*Exercise*
Output exactly, and only, the lines below from the one with "Ystella Balancing Special" down to the one with "- Korinthisches Kapitell". Include both end lines and no pictures.

*Material provided*
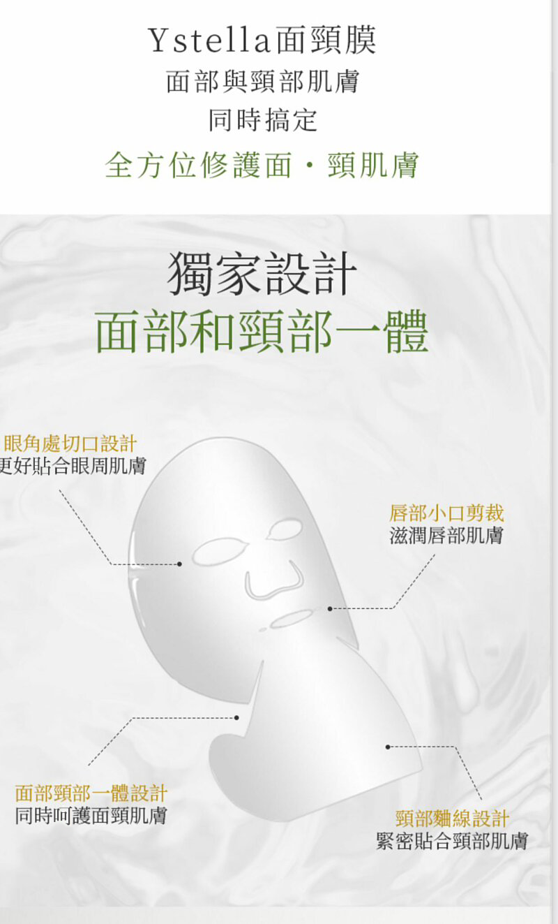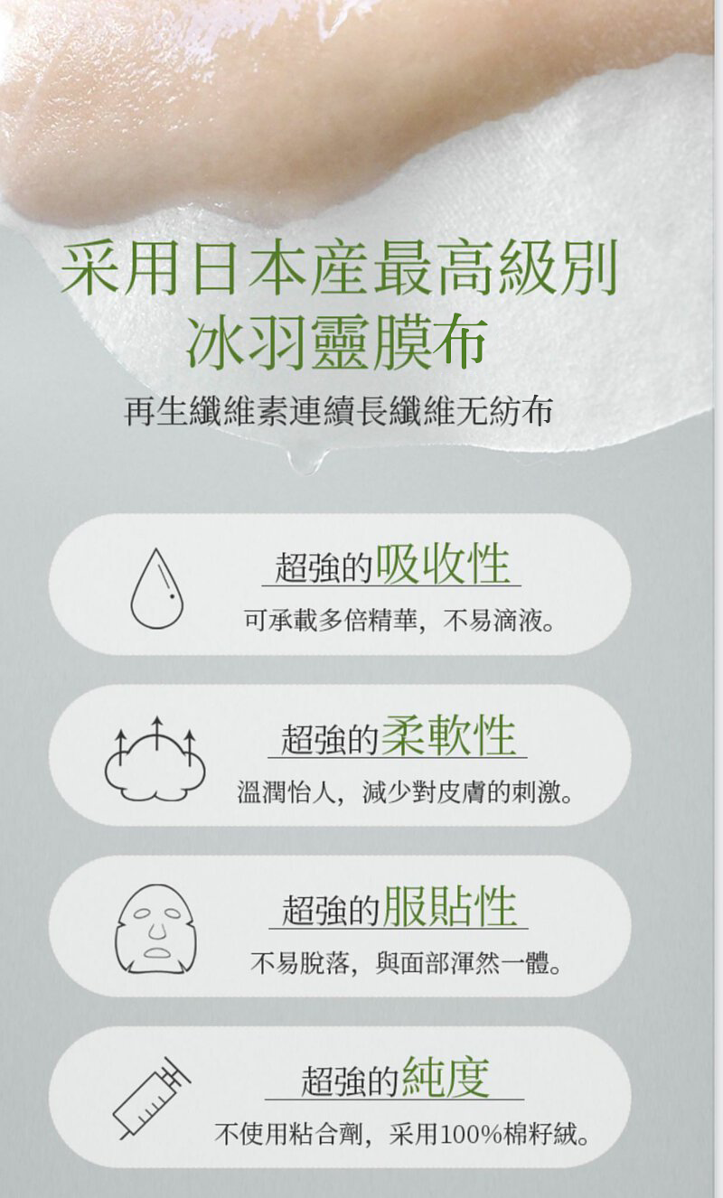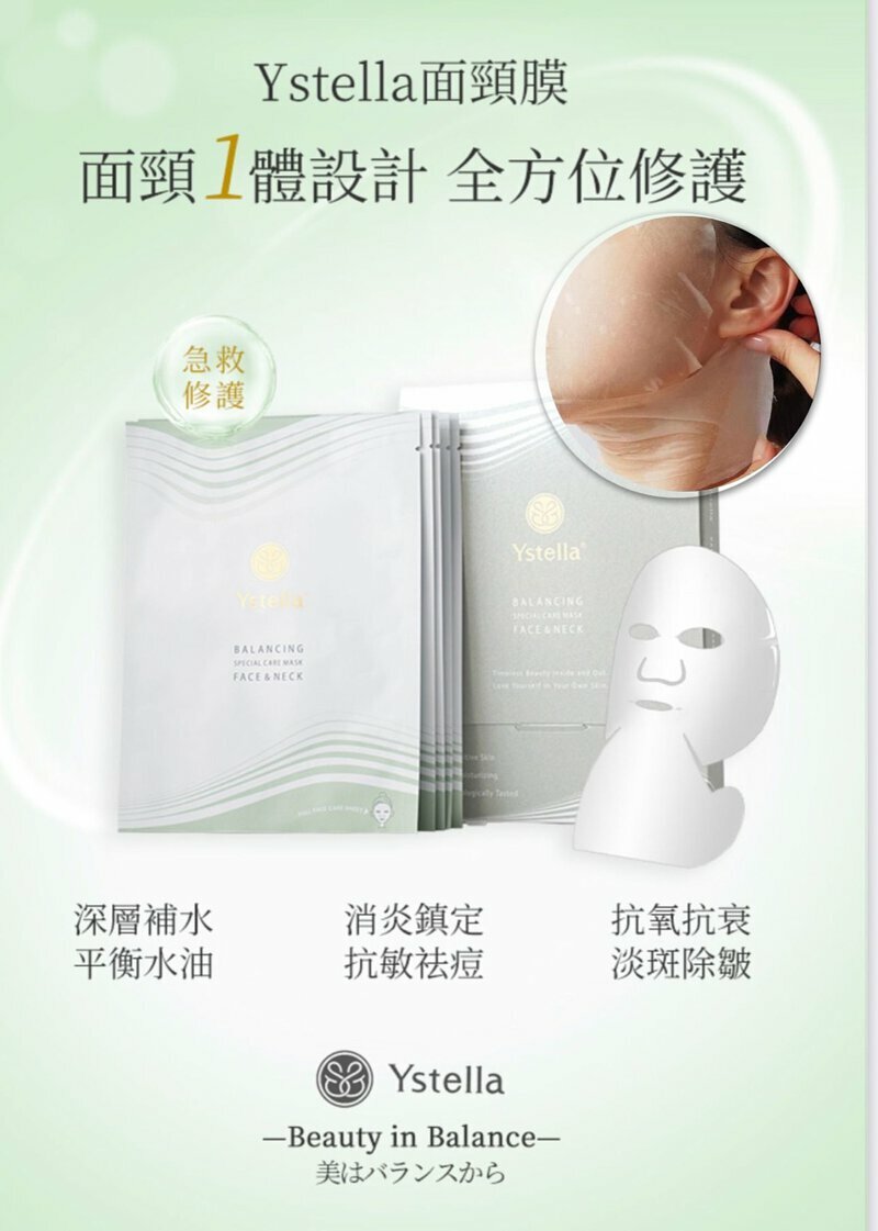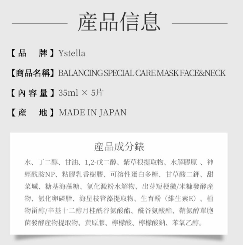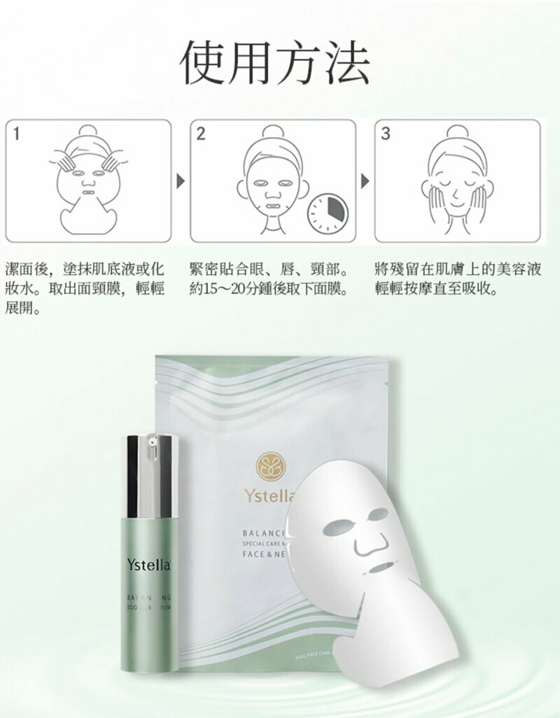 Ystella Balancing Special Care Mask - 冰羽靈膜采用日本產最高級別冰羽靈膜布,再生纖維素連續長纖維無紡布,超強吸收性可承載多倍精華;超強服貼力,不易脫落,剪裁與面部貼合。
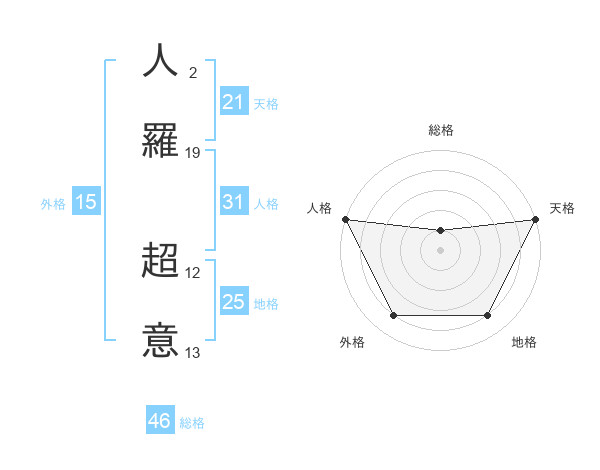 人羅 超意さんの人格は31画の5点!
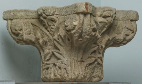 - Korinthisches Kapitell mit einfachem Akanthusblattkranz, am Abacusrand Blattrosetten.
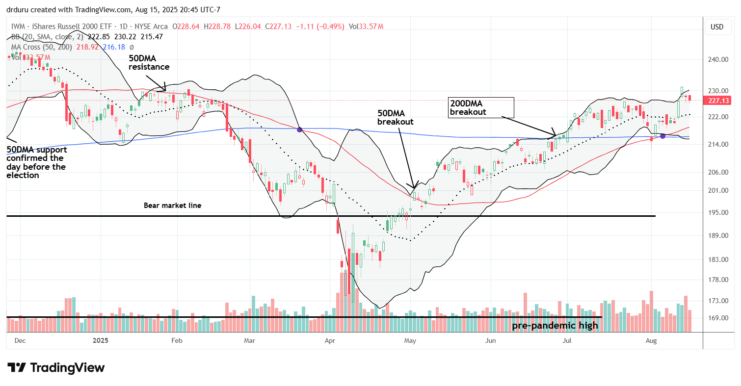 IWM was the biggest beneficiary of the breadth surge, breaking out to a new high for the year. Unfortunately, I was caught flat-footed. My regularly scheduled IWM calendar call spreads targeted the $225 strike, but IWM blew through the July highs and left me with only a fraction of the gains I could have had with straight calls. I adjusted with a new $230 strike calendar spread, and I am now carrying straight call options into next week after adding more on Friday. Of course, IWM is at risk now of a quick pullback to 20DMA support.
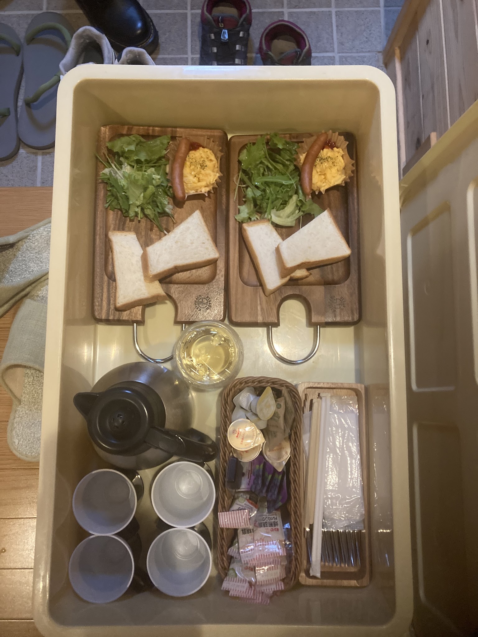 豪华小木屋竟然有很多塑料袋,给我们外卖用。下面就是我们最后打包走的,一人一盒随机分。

...

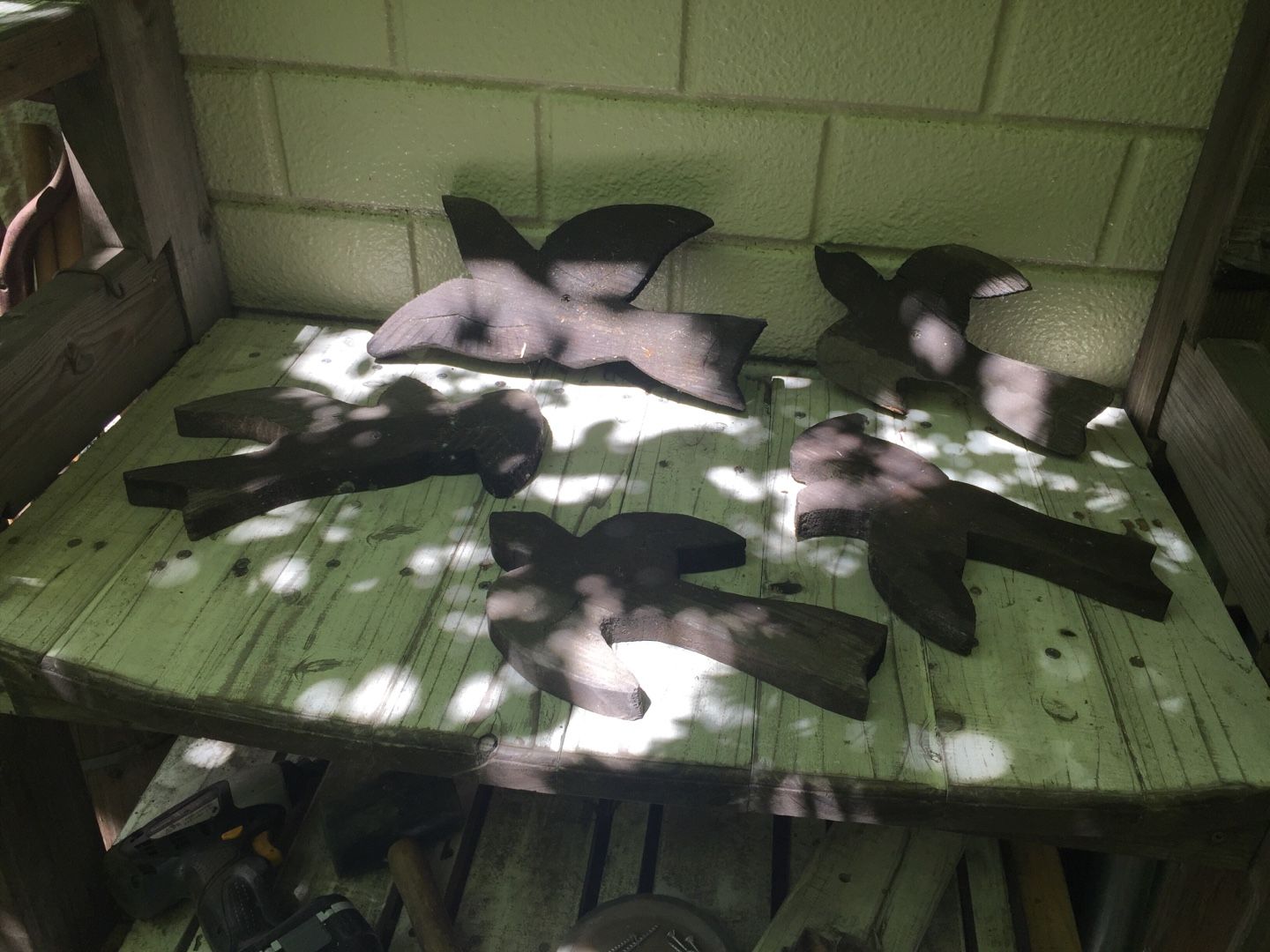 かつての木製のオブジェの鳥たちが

*Exercise response*
 Ystella Balancing Special Care Mask - 冰羽靈膜采用日本產最高級別冰羽靈膜布,再生纖維素連續長纖維無紡布,超強吸收性可承載多倍精華;超強服貼力,不易脫落,剪裁與面部貼合。
 人羅 超意さんの人格は31画の5点!
 - Korinthisches Kapitell mit einfachem Akanthusblattkranz, am Abacusrand Blattrosetten.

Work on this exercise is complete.